Dit initiatief opent interessante en veelbelovende perspectieven voor de ontwikkeling van nieuwe genetische screeningstechnologieën bij pasgeborenen. Toch vertoont het op dit moment nog drie belangrijke tekortkomingen.
De eerste tekortkoming is wetenschappelijk. De selectie van aandoeningen die Baby Detect opspoort, is niet gebaseerd op een breed gedragen wetenschappelijke consensus, noch op nationaal, noch op internationaal niveau. Er is onduidelijkheid over de klinische relevantie van deze screening, zowel op vlak van prognose en behandelmogelijkheden voor de patiënt als op het vlak van volksgezondheid.

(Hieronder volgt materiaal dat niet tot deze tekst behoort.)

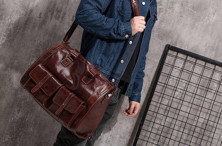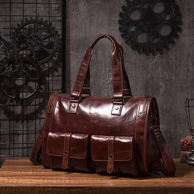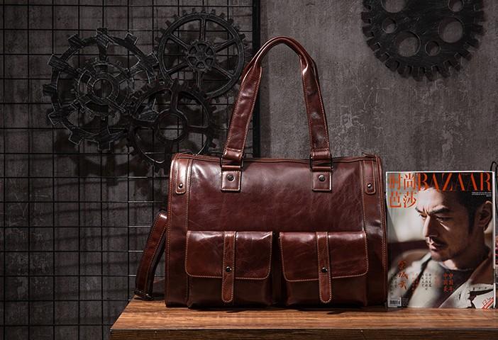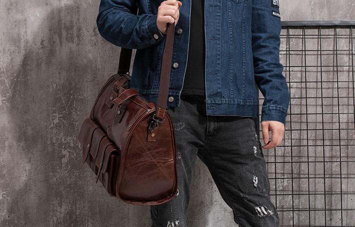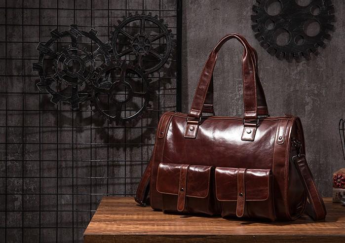 Style: Cool Leather Mens Travel Bag Overnight Bag Work Handbag Business Bag for Men
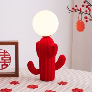 - Cartoon Cactus Motif: The lamp showcases a plump cactus with a cheerful face. oversized eyes. and a playful pose—either holding a glowing moon (glass sphere) or topped with a whimsical flower. Available in pink (with soft magenta spikes) or red (with bold crimson tones). each cactus exudes personality and charm.
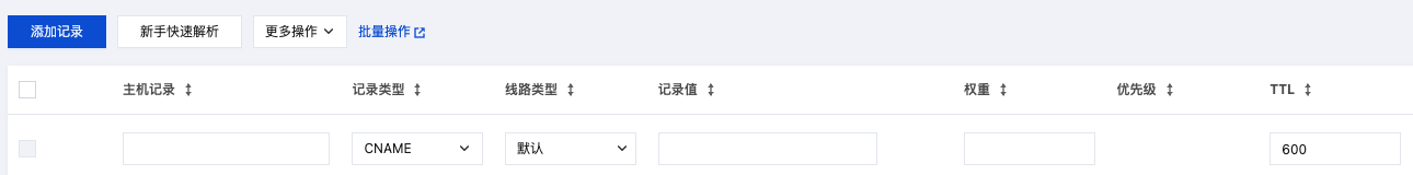3. 单击添加记录,填写以下记录信息。如下图所示:
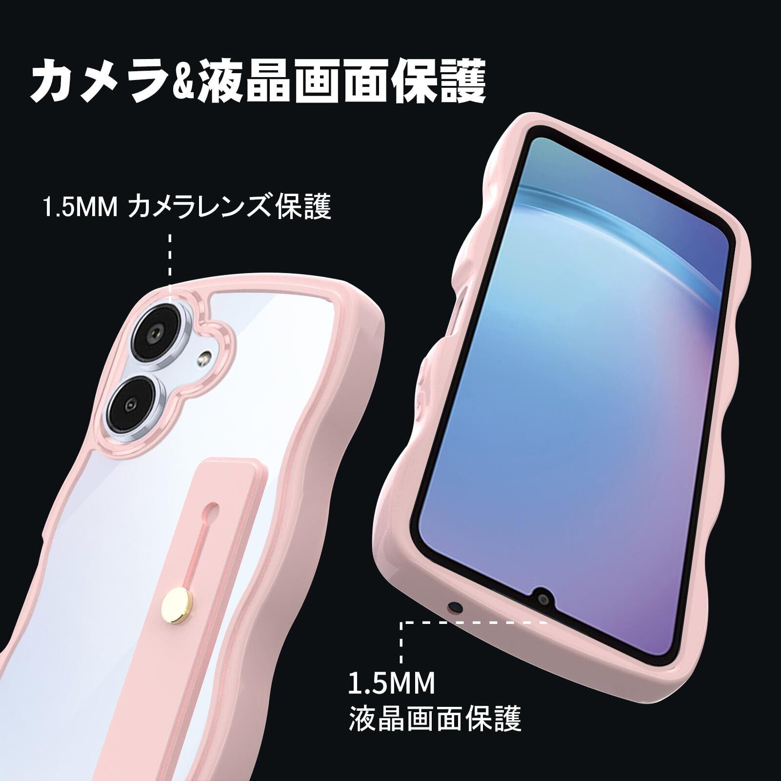 クリア Galaxy A25 5G SC-53F ケース スタンド機能 ギャラクシー A25 5G カバー マホケース 耐衝撃 透明 軽量 薄型 おしゃれ 人気 ストラップホール (ピンク)
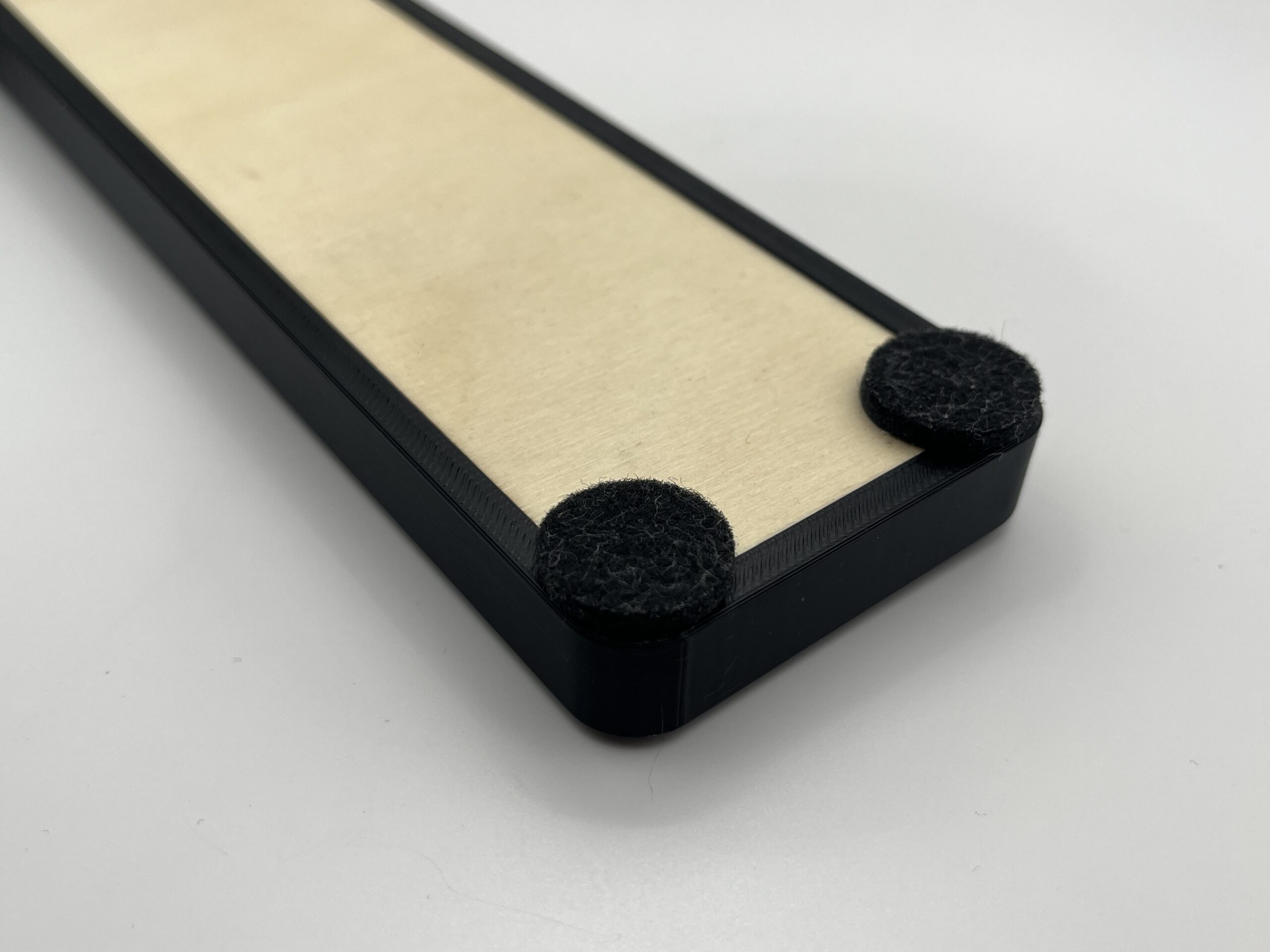 Der Boden besteht aus lasergeschnittenem Holz, die Zahlen und Trennlinien wurden eingraviert, und Filzfüße auf der Unterseite sorgen dafür, dass das Brett rutschfest und angenehm leise auf dem Tisch liegt.
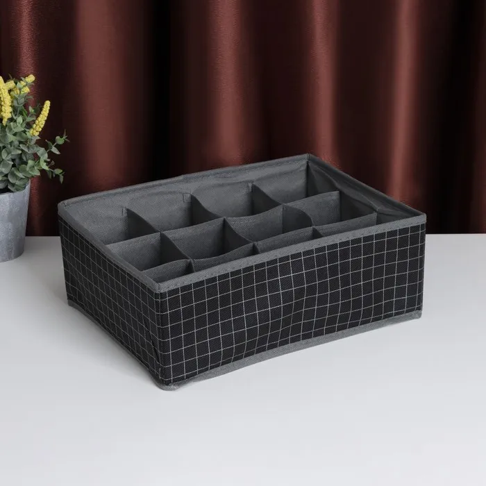 Органайзер для хранения белья Доляна «Кло», 12 ячеек, 32×24×12 см, чёрный — Характеристики

Daarnaast zijn de prestaties van de test – zoals sensitiviteit, specificiteit en voorspellende waarde – onvoldoende gedocumenteerd in de gegevens die aan de betrokken centra worden verstrekt. De interpretatie van genetische varianten is niet altijd eenduidig, wat het risico op over- of onderdiagnose met zich meebrengt. Bovendien worden sommige aandoeningen om diverse redenen beter opgespoord met biochemische methoden dan met genetische screening.
Tot slot is er voor een aanzienlijk deel van de opgespoorde aandoeningen geen bewezen effectieve behandeling beschikbaar, wat de klinische meerwaarde van de test verder in vraag stelt.
De tweede tekortkoming is logistiek. Dit betreft zowel zorginstellingen als de bredere volksgezondheid. Op zorgniveau ontbreekt een duidelijke structuur, zowel vóór als na de test. Vooraf is er onvoldoende multidisciplinaire begeleiding en wordt er te weinig aandacht besteed aan de klinische aspecten en de correcte informatieverstrekking aan ouders. Achteraf schieten de nodige middelen en structuren tekort om gezinnen een degelijke en kwaliteitsvolle opvolging te bieden.
Vanuit volksgezondheidsperspectief leidt dit commerciële project op lange termijn tot ongelijkheid in de toegang tot zorg. Dit staat in schril contrast met de inspanningen van publieke instanties, ziekenhuizen, screeningscentra en genetische centra, die net inzetten op regionale en nationale harmonisatie, gestandaardiseerde methodes en de ontwikkeling van terugbetaalde tests binnen een openbaar en toegankelijk zorgsysteem.
Dit project volgt een puur commerciële strategie en sluit niet aan bij de algemene evolutie van neonatale screening in België.
De derde tekortkoming is ethisch. De commerciële en op winst gerichte promotie van deze test, zoals die momenteel wordt gevoerd, botst met de fundamentele principes van de biomedische ethiek. De manier waarop het project wordt aangeboden, biedt geen kader waarin ouders – die zich in een kwetsbare perinatale situatie bevinden – autonoom, vrij en goed geïnformeerd een beslissing kunnen nemen. Op zowel wetenschappelijk als logistiek vlak kan het project in zijn huidige vorm niet aantonen dat het principe van weldoen zwaarder doorweegt dan het principe van niet-schaden, noch voor het kind, noch voor de ouders. Tot slot versterken de onrechtvaardigheden rond de kostprijs, de toegankelijkheid van zorg en van bewezen effectieve behandelingen deze bezorgdheden nog verder.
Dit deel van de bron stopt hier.